Nutrient Comparison: Rose Wine VS Baked Red Potatoes per 7 oz
Compare the macro and micronutrient content in 7 oz of Rose Wine versus 7 oz of Baked Red Potatoes to make informed dietary choices. Explore their nutritional differences and benefits.
Lets compare vitamin content per 7 ounces of Rose Wine vs Baked Red Potatoes:
- 7 oz of Baked Whole Red Potatoes contain 3.6 times more Vitamin B1, 3.3 times more Vitamin B2, 17.7 times more Vitamin B3, 2.3 times more Vitamin B5, 5.7 times more Vitamin B6, 27 times more Vitamin B9, more Vitamin C and more Vitamin K than Rose Wine.
- 7 ounces of Rose Wine have insufficient amounts of Vitamin B1, Vitamin B2, Vitamin B3, Vitamin B9, Vitamin C and Vitamin K
- Both Rose Wine as well as Baked Whole Red Potatoes have insufficient amounts of Vitamin A, Vitamin B12, Vitamin D and Vitamin E in seven ounces.
Comparing minerals per 7 ounces for Rose Wine vs Baked Red Potatoes:
- 7 oz of Baked Whole Red Potatoes contain 34.8 times more Copper, 3.5 times more Iron, 2.8 times more Magnesium, 1.3 times more Manganese, 4 times more Phosphorus, 9.2 times more Potassium and 3.6 times more Zinc than Rose Wine.
- Both Rose Wine and Baked Red Potatoes contain similar levels of Water per seven ounces.

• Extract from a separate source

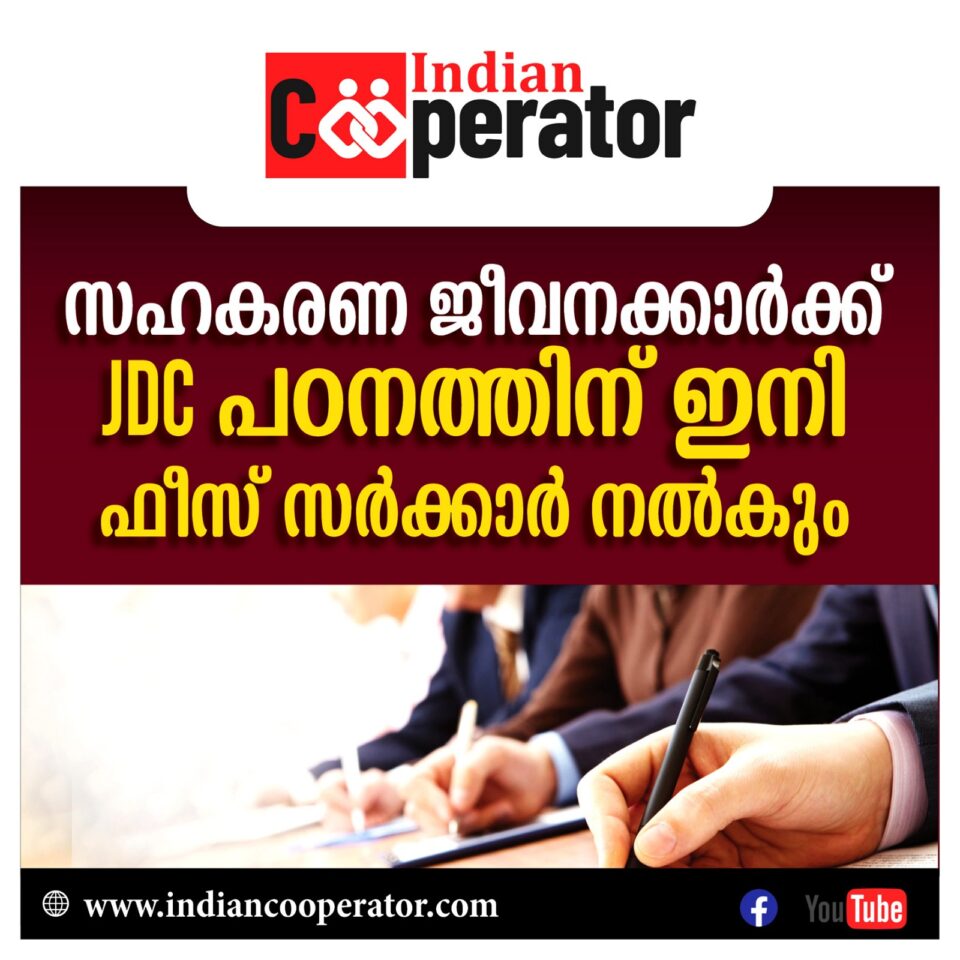സഹകരണമന്ത്രിയുടെ അധ്യക്ഷതയില് ചേര്ന്ന പ്രൊഫഷണല് എഡ്യുക്കേഷന്ഫണ്ട് യോഗത്തിലാണു സഹകരണജീവനക്കാരുടെ ട്യൂഷന്ഫീസും പരീക്ഷാഫീസും സര്ക്കാര് അടയ്ക്കുമെന്ന തീരുമാനമെടുത്തത്. നിലവില് പ്രതിവര്ഷം 400 പേരാണു ജെ.ഡി.സി. പരിശീലനത്തിനെത്തുന്നത്.

- 7 ounces of Rose Wine lack sufficient amounts of Copper, Potassium and Zinc
- Both Rose Wine as well as Baked Whole Red Potatoes lack sufficient amounts of Calcium in seven ounces.

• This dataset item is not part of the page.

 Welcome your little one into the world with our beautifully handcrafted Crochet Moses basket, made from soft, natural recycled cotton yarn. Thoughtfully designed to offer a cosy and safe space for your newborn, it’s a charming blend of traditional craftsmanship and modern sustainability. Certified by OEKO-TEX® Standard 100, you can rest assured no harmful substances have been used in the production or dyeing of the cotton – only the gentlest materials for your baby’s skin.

Comparison of macro-nutrients per 7 ounces:
- 7 ounces of Rose Wine have 2.7 times more Sugars and 4.8 times more Fructose than Baked Red Potatoes.
- While 7 oz of Baked Whole Red Potatoes contain 5.2 times more Carbohydrate, more Fiber and 6.4 times more Protein than Rose Wine.

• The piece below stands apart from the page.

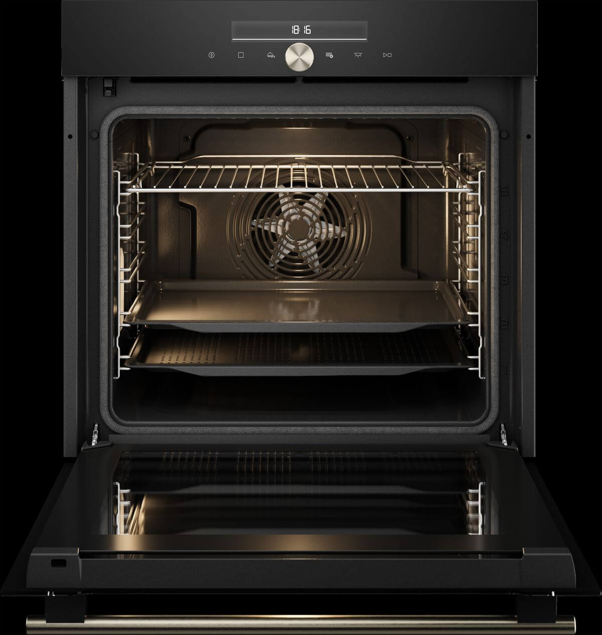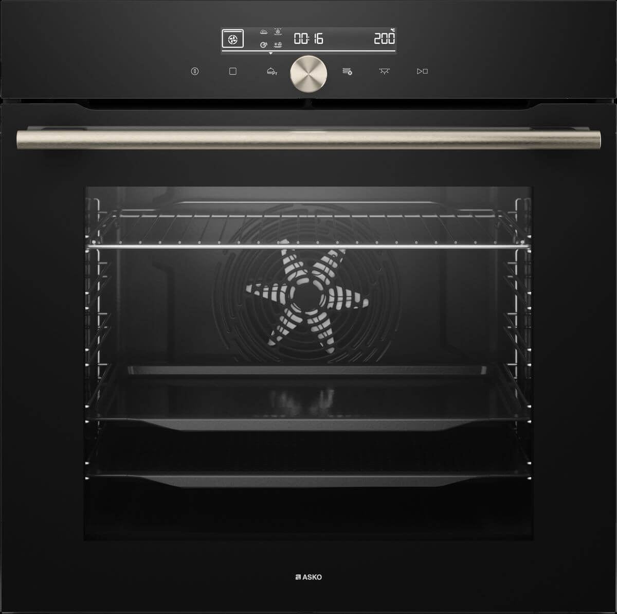 Marke: ASKO, Backofen Pyrolyse Black Glass EURO, Breitennorm: 60 cm, Reinigung: AquaClean; Pyrolytisch, Display: digital, Steuerung: Drehknopf; intuitive Tasten- und Touchscreen-Navigation, Anzahl Funktionen: 12, Anzahl Programme: 22, Schnellvorwärmung, Auftauen, Wiedererwärmung, Tellererwärmung, Sabbat, Aqua clean, Pyrolyse, Türtyp: Gedämpfte Schliessung; Innentüre Vollglas, Anzahl Backebenen: 5, Beleuchtung: Ja; Halogenlampe: G9; 230 V; 25 W, Farbe: Glassfront schwarz, Anzahl Gläser: 3, CoolDoor, Nutzinhalt Gesamt: 77 l, Energieeffizienzklasse: A+, Strom: 16 A, Leistung: 3’500 W, Anschluss: 230 V; PN
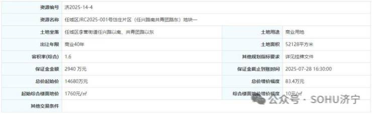 土地位于:任城区李营街道任兴路以南、共青团路以东;土地面积:52128㎡(约78亩);土地用途:商业用地;出让年限:40年;容积率不大于1.6;起始价:14680万元,综合楼面价起价:1760元/㎡;最终成交价为:14680万元(约188万元/亩),综合楼面地价成交价:1760元/㎡;溢价率:0.0%;

- Both Rose Wine and Baked Red Potatoes offer comparable quantities of Energy per seven ounces.
- 7 ounces of Rose Wine provide inadequate amounts of Fiber and Protein
- Both Rose Wine as well as Baked Whole Red Potatoes provide inadequate amounts of Omega 3 and Omega 6 in seven ounces.